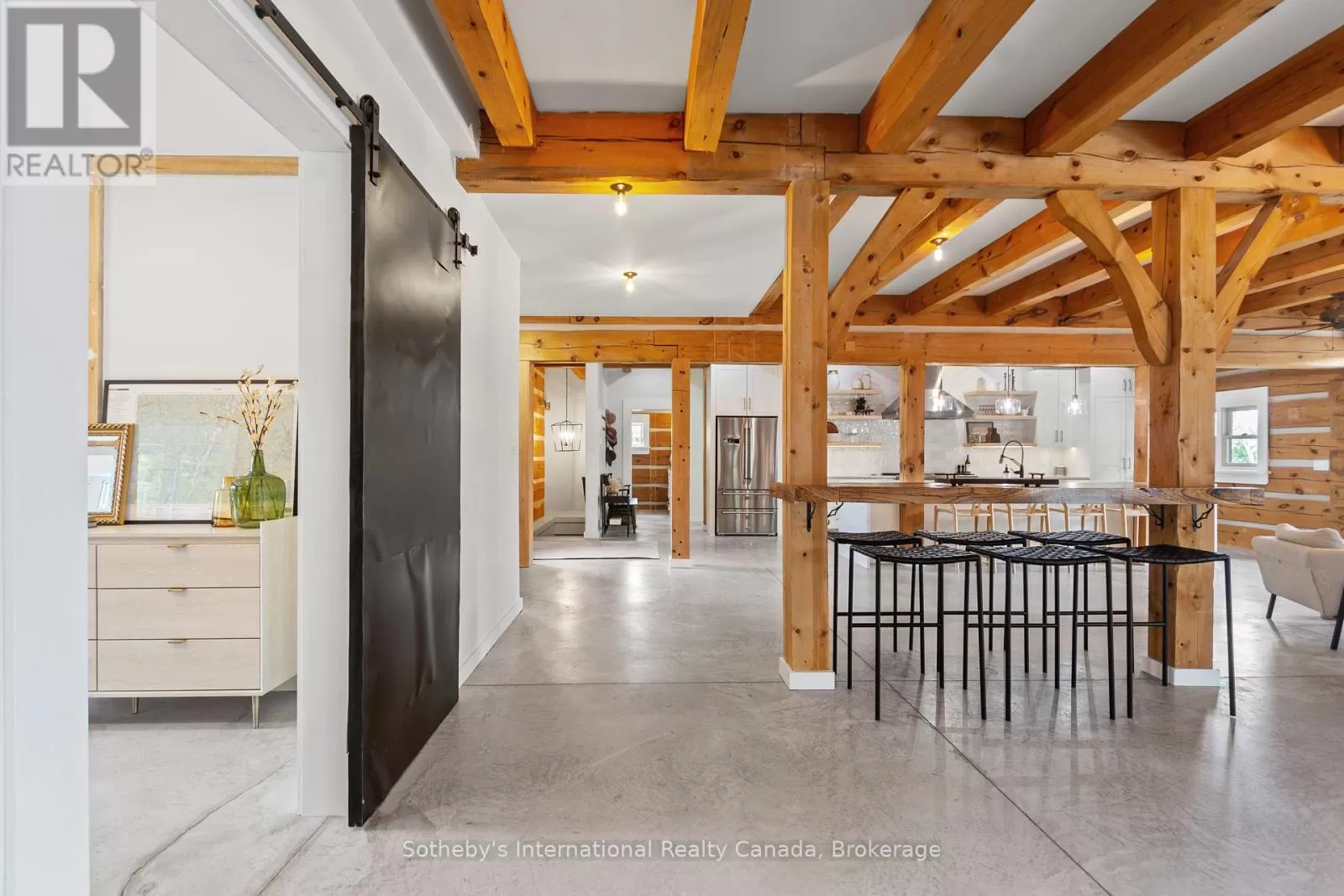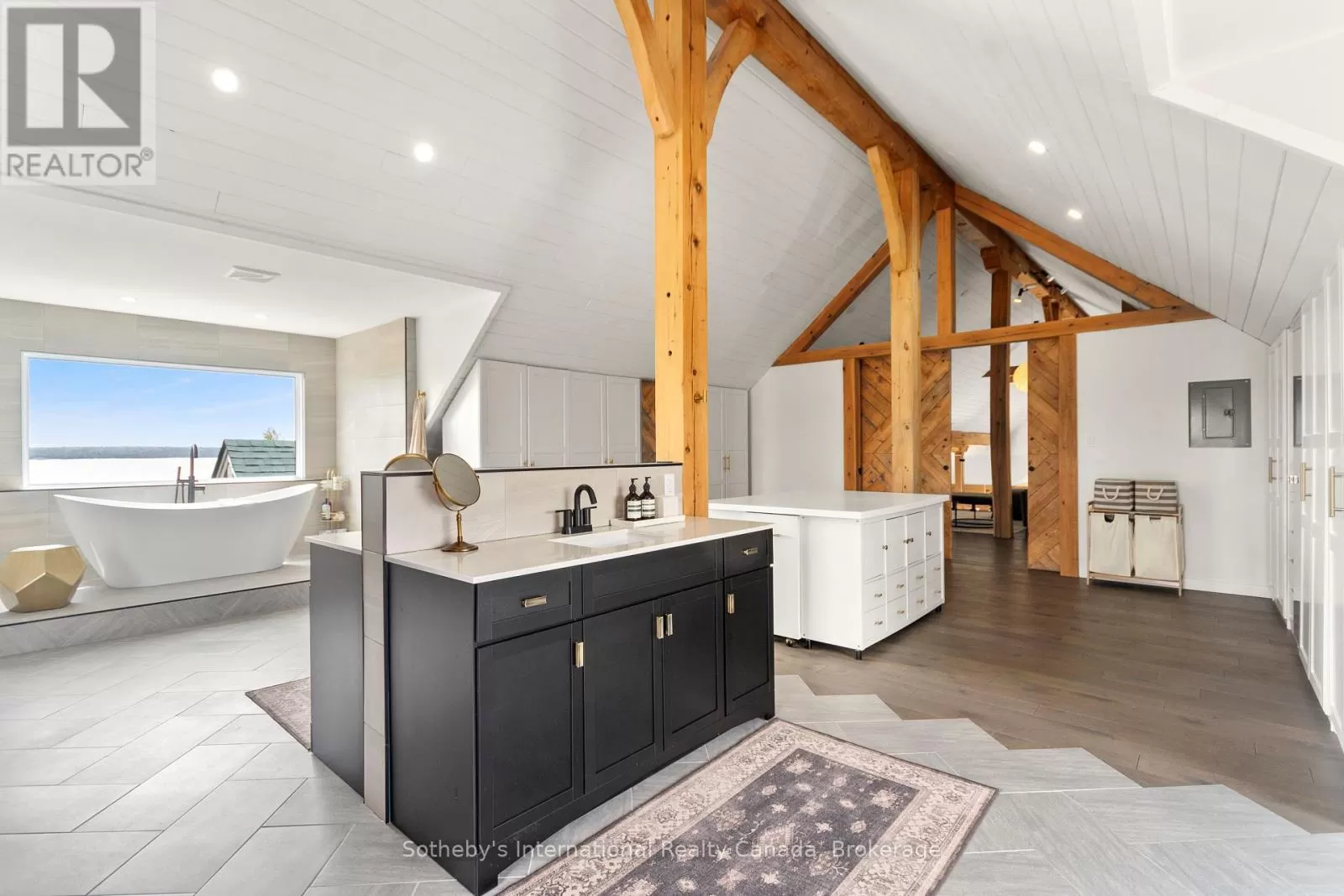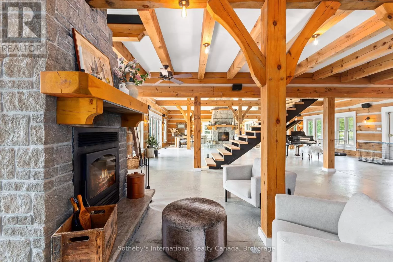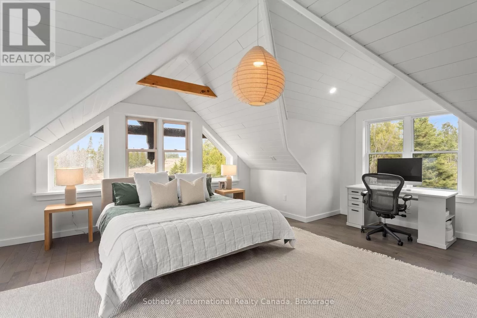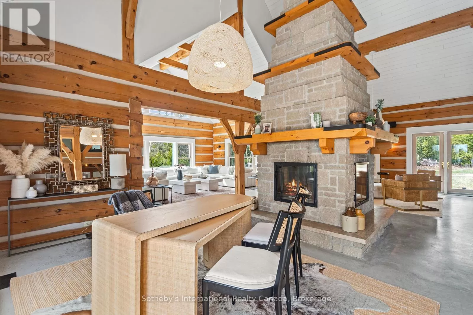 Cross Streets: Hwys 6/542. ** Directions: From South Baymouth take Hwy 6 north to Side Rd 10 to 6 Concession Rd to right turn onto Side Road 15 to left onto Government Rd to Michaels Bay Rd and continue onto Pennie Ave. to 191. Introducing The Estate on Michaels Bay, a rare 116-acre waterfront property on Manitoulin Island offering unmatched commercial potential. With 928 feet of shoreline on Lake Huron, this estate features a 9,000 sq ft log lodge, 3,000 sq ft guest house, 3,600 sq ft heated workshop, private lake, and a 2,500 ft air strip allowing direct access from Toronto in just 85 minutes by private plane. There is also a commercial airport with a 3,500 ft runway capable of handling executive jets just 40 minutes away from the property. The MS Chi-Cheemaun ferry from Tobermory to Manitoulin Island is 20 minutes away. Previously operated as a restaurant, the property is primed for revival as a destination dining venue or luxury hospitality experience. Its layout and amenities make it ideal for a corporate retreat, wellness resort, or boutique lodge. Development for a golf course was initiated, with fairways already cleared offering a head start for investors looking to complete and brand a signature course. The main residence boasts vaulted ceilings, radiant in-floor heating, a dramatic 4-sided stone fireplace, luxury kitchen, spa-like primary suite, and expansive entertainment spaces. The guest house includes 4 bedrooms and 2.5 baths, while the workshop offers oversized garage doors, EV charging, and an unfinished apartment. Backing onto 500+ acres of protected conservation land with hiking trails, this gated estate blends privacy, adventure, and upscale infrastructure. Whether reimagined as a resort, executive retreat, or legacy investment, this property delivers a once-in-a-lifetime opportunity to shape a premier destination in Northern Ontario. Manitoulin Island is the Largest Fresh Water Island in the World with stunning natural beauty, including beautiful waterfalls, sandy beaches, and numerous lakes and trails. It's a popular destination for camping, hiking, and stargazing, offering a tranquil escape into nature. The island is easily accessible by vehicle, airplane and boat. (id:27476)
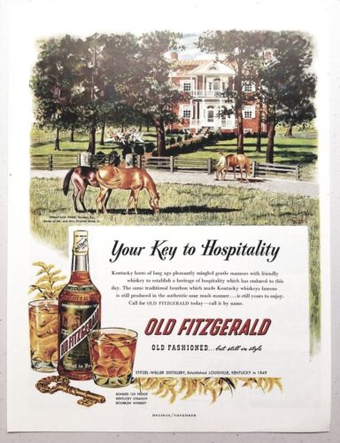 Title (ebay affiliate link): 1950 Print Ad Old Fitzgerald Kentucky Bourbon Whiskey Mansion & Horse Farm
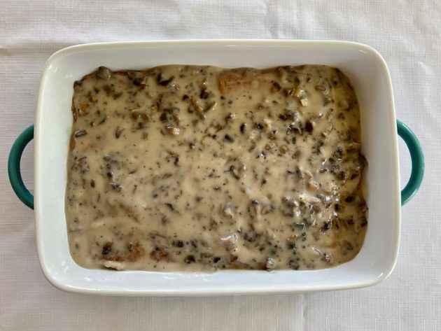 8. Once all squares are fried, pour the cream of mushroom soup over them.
■ ■ ■ ■ ■ ■ ■
Set the preceding data down again word for word, omitting images.

### Your solution
 Cross Streets: Hwys 6/542. ** Directions: From South Baymouth take Hwy 6 north to Side Rd 10 to 6 Concession Rd to right turn onto Side Road 15 to left onto Government Rd to Michaels Bay Rd and continue onto Pennie Ave. to 191. Introducing The Estate on Michaels Bay, a rare 116-acre waterfront property on Manitoulin Island offering unmatched commercial potential. With 928 feet of shoreline on Lake Huron, this estate features a 9,000 sq ft log lodge, 3,000 sq ft guest house, 3,600 sq ft heated workshop, private lake, and a 2,500 ft air strip allowing direct access from Toronto in just 85 minutes by private plane. There is also a commercial airport with a 3,500 ft runway capable of handling executive jets just 40 minutes away from the property. The MS Chi-Cheemaun ferry from Tobermory to Manitoulin Island is 20 minutes away. Previously operated as a restaurant, the property is primed for revival as a destination dining venue or luxury hospitality experience. Its layout and amenities make it ideal for a corporate retreat, wellness resort, or boutique lodge. Development for a golf course was initiated, with fairways already cleared offering a head start for investors looking to complete and brand a signature course. The main residence boasts vaulted ceilings, radiant in-floor heating, a dramatic 4-sided stone fireplace, luxury kitchen, spa-like primary suite, and expansive entertainment spaces. The guest house includes 4 bedrooms and 2.5 baths, while the workshop offers oversized garage doors, EV charging, and an unfinished apartment. Backing onto 500+ acres of protected conservation land with hiking trails, this gated estate blends privacy, adventure, and upscale infrastructure. Whether reimagined as a resort, executive retreat, or legacy investment, this property delivers a once-in-a-lifetime opportunity to shape a premier destination in Northern Ontario. Manitoulin Island is the Largest Fresh Water Island in the World with stunning natural beauty, including beautiful waterfalls, sandy beaches, and numerous lakes and trails. It's a popular destination for camping, hiking, and stargazing, offering a tranquil escape into nature. The island is easily accessible by vehicle, airplane and boat. (id:27476)
 Title (ebay affiliate link): 1950 Print Ad Old Fitzgerald Kentucky Bourbon Whiskey Mansion & Horse Farm
 8. Once all squares are fried, pour the cream of mushroom soup over them.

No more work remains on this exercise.